常宁在宁瑞丰的示意下,为他裹上一件大衣,推着轮椅到了院里的避风处,沐浴在冬天淡淡的晨光里。
“你那个弟弟常卫国,还在干特种兵?”宁瑞丰微笑着问道。
常宁嗯了一声,“正在国防大学进修,等拿到文凭后,准备不穿军装了。”
“哦……如此甚好,你也可以多个可靠的帮手嘛。”宁瑞丰缓缓的点着头,慢悠悠的说道,“那小子,和你一个德xing嘛,整人不见伤,宰人不见血,奇了怪了,不知道用了什么手法,把那五个hun小子搞得哭爹喊娘,痛肺彻骨,可送到医院一检查,楞是查不出什么máo病来。
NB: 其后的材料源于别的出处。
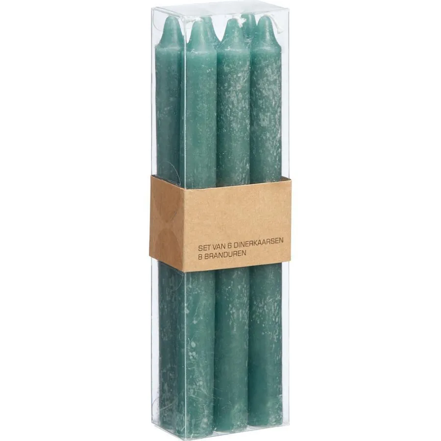 Kwantum Kaarsen & Theelichten|Kaarsen & Theelichten*S/6 Dinerkaars Rustiek Donkergroen Dr.Groen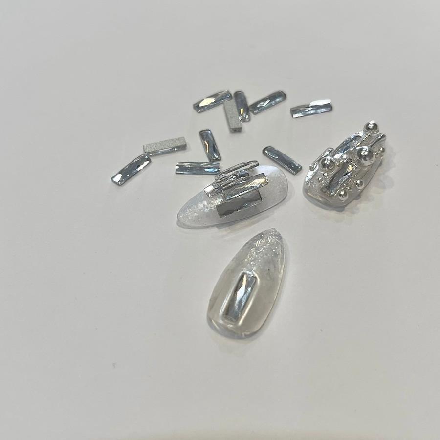ゴールド、シルバーそれぞれ約6cmが入っています。デザインのアクセントとして是非お使いください。デザインを邪魔しない使いやすいカラーです。カットをすると場所によっては崩れてしまうので画像のように容器にキープしておくと使いやすいです。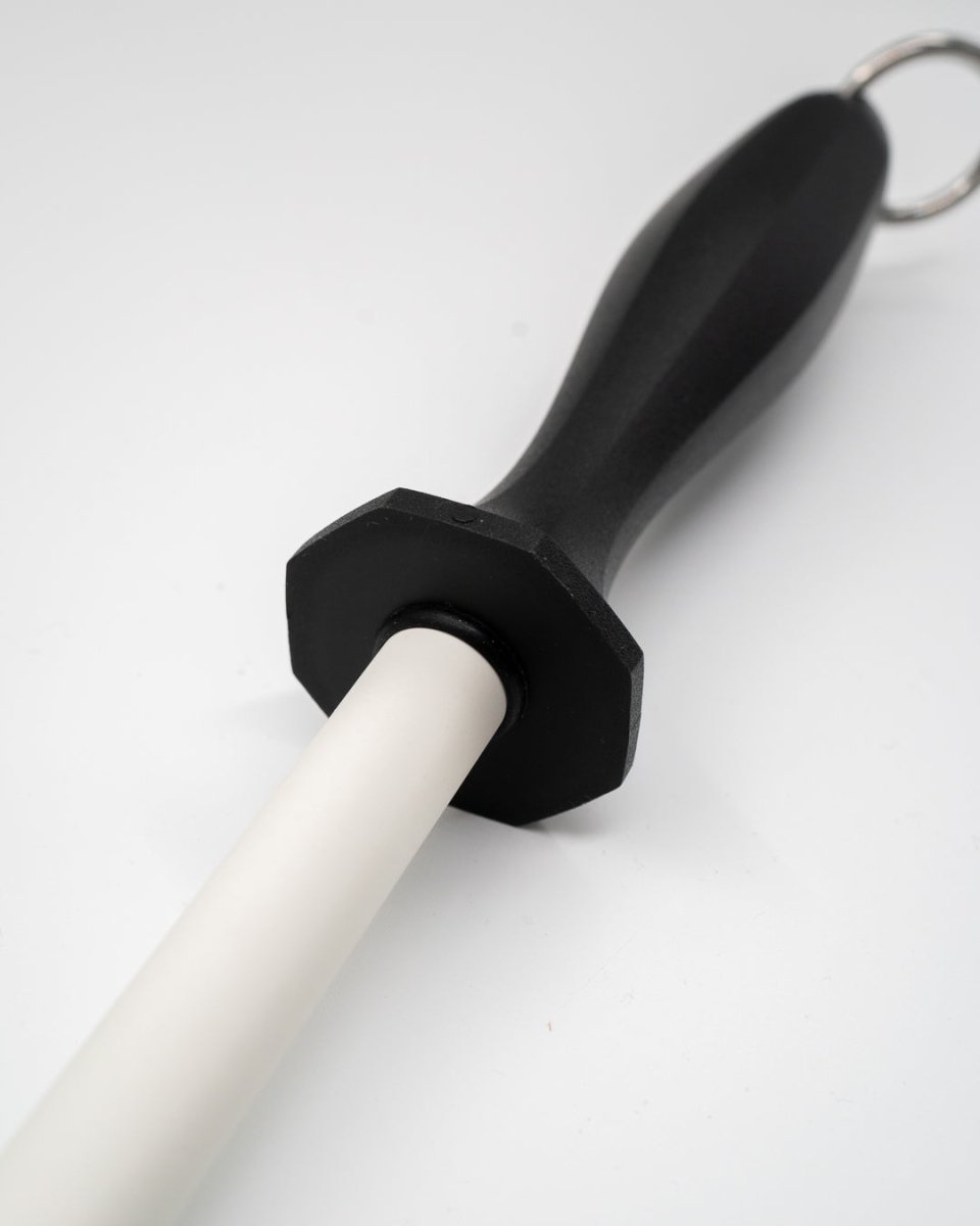 Hold knivene dine skarpe med vår keramiske skjerpestav. Den fine keramiske overflaten retter opp eggen skånsomt og bevarer knivens skarphet mellom slipinger. Perfekt for både japanske og vestlige kniver.

”
常宁乐呵着说道“那是我师父的独mén点xue秘招,只不过,我那弟弟加以改进了而已……呵呵,后来怎么样了呢?”
“解铃当须糸铃人,人家自然是打电话到家里喽,你小子关机玩起了失踪,幸亏余振夫说跟你学过这mén功夫,所以是他主动前去,忙了两个小时,才帮那五个hun小子解除了痛苦。”
常宁乐不可支,坐在躺椅上,四肢朝天的晃dàng起来。
“爷爷,这事……这事没有什么问题吗?”无错不跳字。
宁瑞丰轻描淡写的笑了笑,“能没有问题吗……当然,也不能说有什么大问题,都是同一个体制内的人,互相知根之底,想要别人好看,先得让自己好看……哈哈,就那么回事,你猜猜吧。”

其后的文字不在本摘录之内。